Through the chair …

6 Oct , 2015  

A firm believer in the  saying that ‘you only get out of an organisation what you put into it’, Pat Keane was recently elected Chairman of the IFA’s Waterford Livestock Committee and he told Irish Tractor & Agri magazine he is looking forward to speaking out on behalf of the county’s Livestock farmers.

The IFA’s National Livestock Committee fully represents the interests of the country’s 100,000 livestock farmers on all issues affecting members incomes and livelihoods.

The Committee undertakes this work at local, national, European and international level constantly analysing complex problems and issues, and proposing policies and solutions geared at meeting the interests of farmers.

The work of the Committee is very wide ranging from high level contacts at European level in meetings with Agricultural or Trade Commissioners on policy issues.

Representing the largest number of farmers nationwide, the IFA National Livestock Committee comprises of 29 democratically elected members from each of the IFA’s County Executives.

Pat Keane, who runs a successful 92 hectare farm at Knockhouse in Portlaw as well as an agricultural contracting business, took over in the chair of the Waterford Committee in January and he is well aware of the challenges that his members face on a day-to-day basis.

Describing his election as a ‘big honour’, Pat has witnessed the domestic beef market turn a corner in recent times.

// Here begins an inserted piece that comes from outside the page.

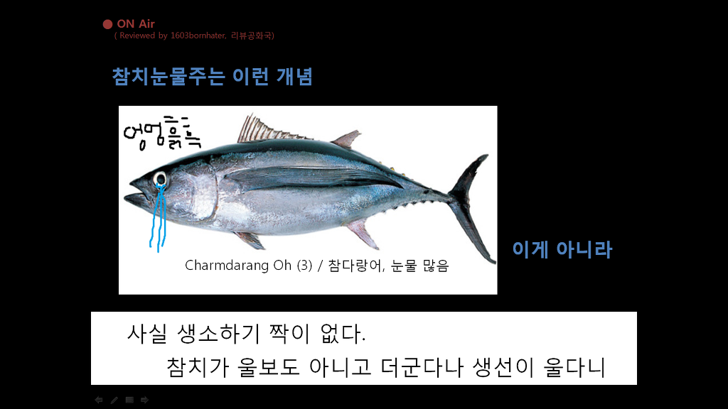 P.S 참치 눈물주는 참치기름이 아니라 참치 눈알을 이용함

Tighter supplies will make a big difference in 2015 and should swing the balance in favour of the farmers selling cattle.

He believes a strong live export trade is essential to maximise price competition and ensure a balance in cattle supplies relative to market demand in order to optimise prices and avoid the marketing problems which occurred in 2014.

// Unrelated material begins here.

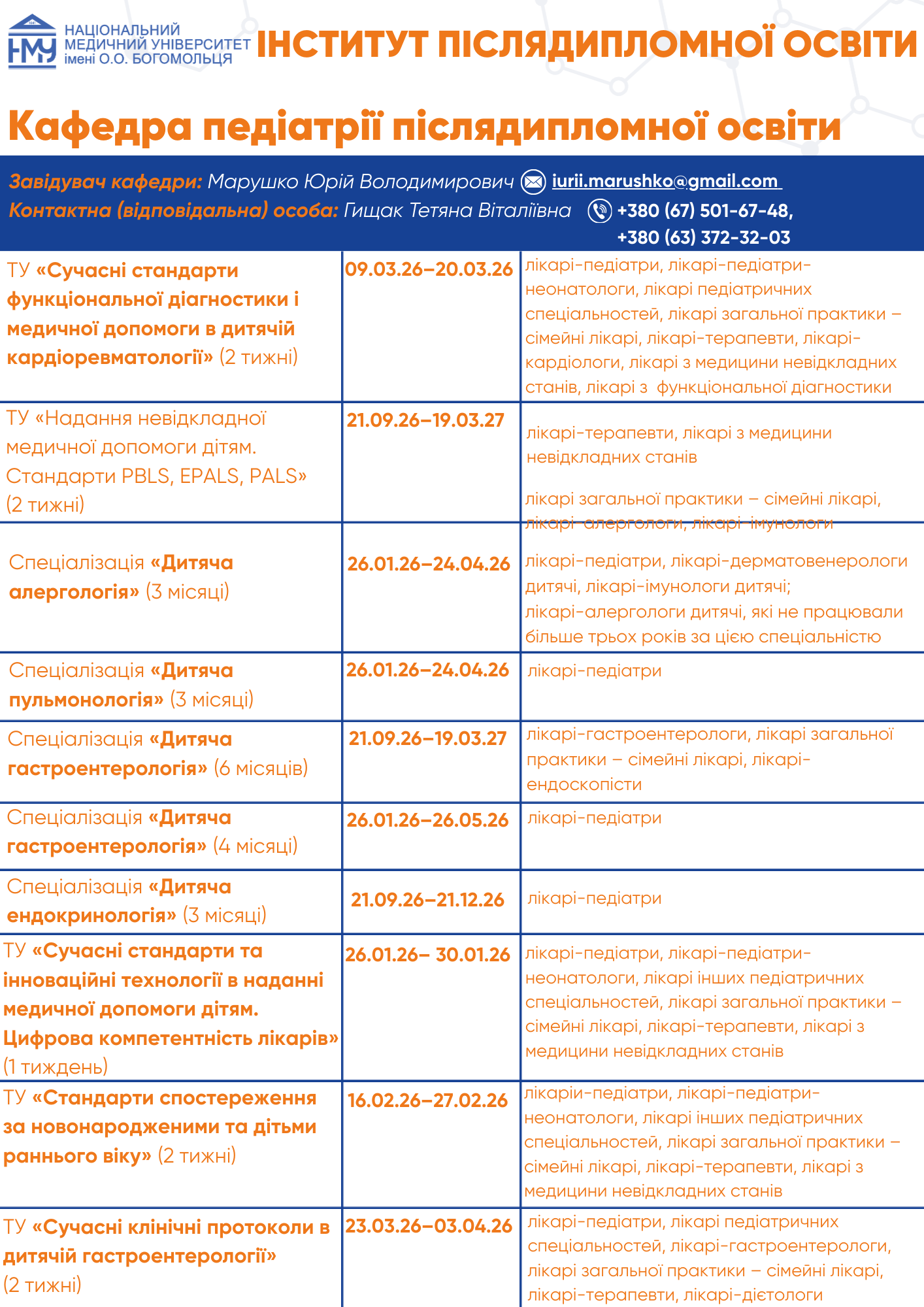 Наказ МОЗ України від 25 липня 2023р № 1347 «Про затвердження Переліку циклів спеціалізації та тематичного удосконалення за лікарськими та фармацевтичними (провізорськими) спеціальностями»: https://zakon.rada.gov.ua/laws/show/z1362-23#Text

“I have a great interest in livestock having been involved in beef all my life and I will be working towards keeping beef prices going the right way and pushing livestock exports,” he outlined to Irish Tractor magazine.

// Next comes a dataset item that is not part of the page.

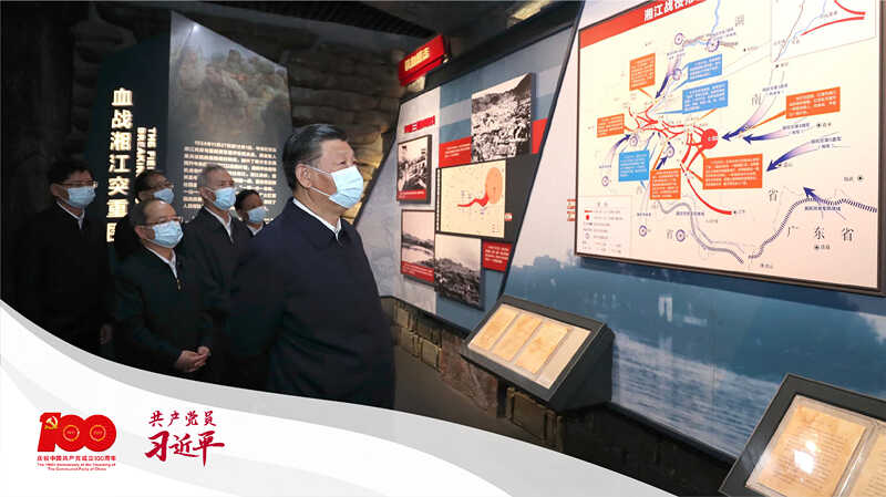 2021年4月25日,正在广西考察的习近平参观红军长征湘江战役纪念馆。

IFA figures show that in 2014 the live export trade was strong with total volumes of almost 240,000 head, up 27,000 or 13% on 2013 levels. Calf exports were strong with almost 40,000 head to Holland, 22,000 to Belgium and 44,000 to Spain.

The international live trade was also active with almost 18,000 head exported to Libya.

“12 months ago you couldn’t sell a bull but, thankfully, we don’t have that problem now. We had too many cattle in the system which resulted in supply and demand issues.”

He adds a note of caution, however, warning that what happens this spring will have a significant impact for farmers selling cattle in two years’ time.

“The outlook for beef is positive and, hopefully the next 12 months will see a good lift in prices. There’s definitely 150,000 less cattle in the system to kill this year but the biggest fear is that if we don’t get live exports this Spring there will be too many in the system again in 2017 and we’ll be back to square one.”

Feed and input prices is another cause of concern for Pat and his members. “The rising costs of feed, oil and fertiliser, are making life difficult,” Pat – who has also served as chairman of Waterford New Ross Mart since  May 2013 – pointed out.

“The cost of oil put us under serious pressure during the last three to four years. We seem to be getting a bit of break this year but getting money in quick enough can also be a challenge along with the cost of repairing machinery repairs and new machinery. You’d have to pay €100,000 for a new tractor these days.”

These are also problems he encounters on a daily basis when running his agricultural contracting business – PJ Keane Contracts.

Available for baling, wrapping, slurry, slurry spreading, hedge cutting and re-seeding, their three Case tractors and modern fleet of machinery are rarely idle and, to ensure customer satisfaction, they always strive to get the job done as quickly as possible.

Their name is synonymous with reliability when it comes to providing a complete service from plough to harvest. Efficiency and reliability are the sound foundations on which PJ Keane Contracts is built.

“You also have to provide your customers with value for money,” Pat added.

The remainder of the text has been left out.